YOUR ASSIGNMENT: In the records below, find the line with "会议伊始,各班班长带领同学们", then retype it and every following line exactly, stopping after the line with "See tööleht on". Leave the pictures out.

RECORDED INFORMATION:
++++++

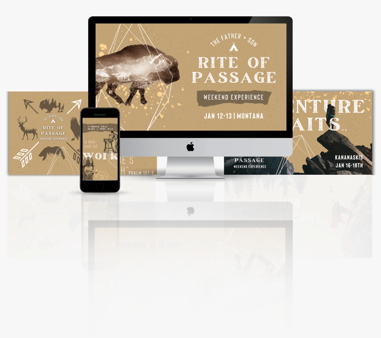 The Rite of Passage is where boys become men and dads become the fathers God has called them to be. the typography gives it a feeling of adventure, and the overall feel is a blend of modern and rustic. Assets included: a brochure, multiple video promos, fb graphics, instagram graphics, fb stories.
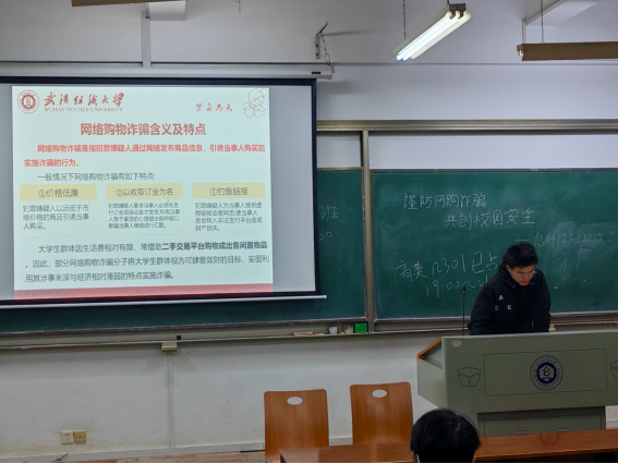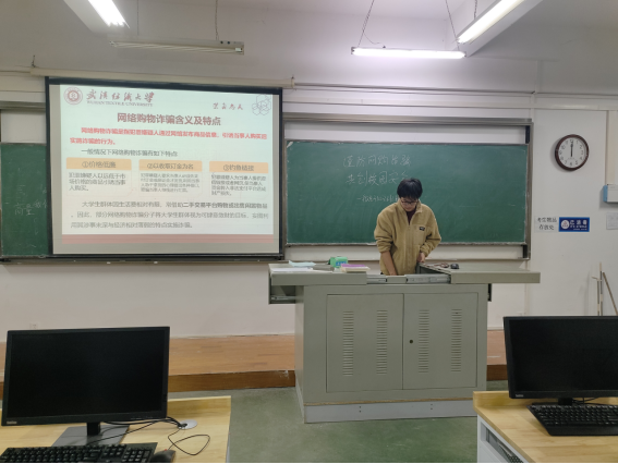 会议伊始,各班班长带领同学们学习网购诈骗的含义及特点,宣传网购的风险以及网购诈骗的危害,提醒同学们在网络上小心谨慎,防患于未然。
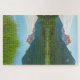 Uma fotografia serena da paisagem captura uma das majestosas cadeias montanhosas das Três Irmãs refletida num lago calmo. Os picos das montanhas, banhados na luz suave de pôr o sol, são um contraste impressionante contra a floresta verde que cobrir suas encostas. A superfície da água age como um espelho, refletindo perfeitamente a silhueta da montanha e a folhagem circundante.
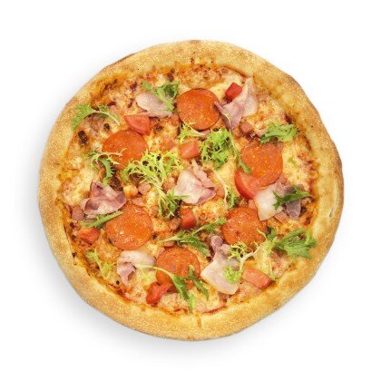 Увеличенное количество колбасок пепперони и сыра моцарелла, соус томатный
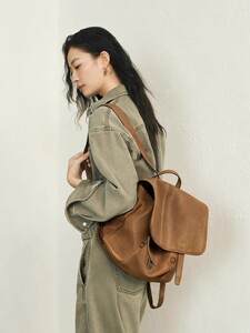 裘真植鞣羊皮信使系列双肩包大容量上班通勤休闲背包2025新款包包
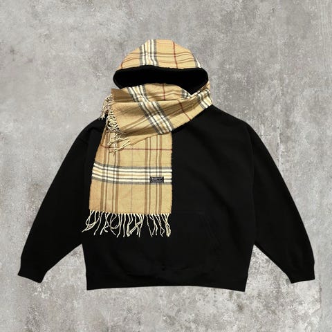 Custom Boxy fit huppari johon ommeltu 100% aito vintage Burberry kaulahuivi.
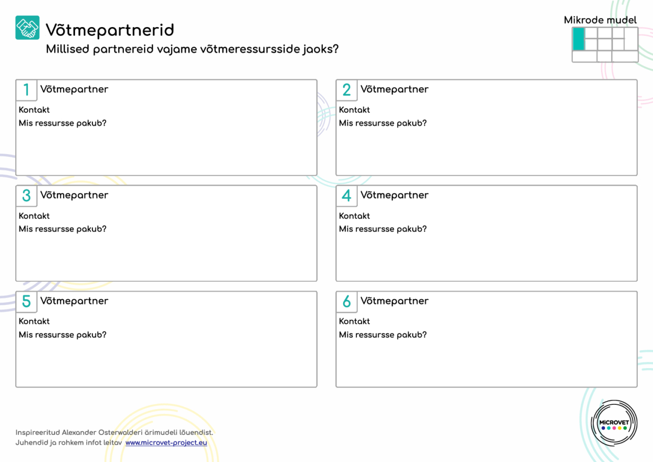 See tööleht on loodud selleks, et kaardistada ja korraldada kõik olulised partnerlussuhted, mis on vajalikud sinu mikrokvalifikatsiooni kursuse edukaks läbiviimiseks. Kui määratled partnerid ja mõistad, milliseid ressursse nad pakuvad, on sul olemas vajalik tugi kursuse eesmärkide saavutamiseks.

++++++

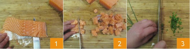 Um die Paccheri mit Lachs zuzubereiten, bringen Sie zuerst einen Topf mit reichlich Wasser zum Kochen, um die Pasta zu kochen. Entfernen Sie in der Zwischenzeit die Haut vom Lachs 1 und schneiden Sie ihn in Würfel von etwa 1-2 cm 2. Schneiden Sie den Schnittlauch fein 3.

++++++

RESPONSE BOX:
 会议伊始,各班班长带领同学们学习网购诈骗的含义及特点,宣传网购的风险以及网购诈骗的危害,提醒同学们在网络上小心谨慎,防患于未然。
 Uma fotografia serena da paisagem captura uma das majestosas cadeias montanhosas das Três Irmãs refletida num lago calmo. Os picos das montanhas, banhados na luz suave de pôr o sol, são um contraste impressionante contra a floresta verde que cobrir suas encostas. A superfície da água age como um espelho, refletindo perfeitamente a silhueta da montanha e a folhagem circundante.
 Увеличенное количество колбасок пепперони и сыра моцарелла, соус томатный
 裘真植鞣羊皮信使系列双肩包大容量上班通勤休闲背包2025新款包包
 Custom Boxy fit huppari johon ommeltu 100% aito vintage Burberry kaulahuivi.
 See tööleht on loodud selleks, et kaardistada ja korraldada kõik olulised partnerlussuhted, mis on vajalikud sinu mikrokvalifikatsiooni kursuse edukaks läbiviimiseks. Kui määratled partnerid ja mõistad, milliseid ressursse nad pakuvad, on sul olemas vajalik tugi kursuse eesmärkide saavutamiseks.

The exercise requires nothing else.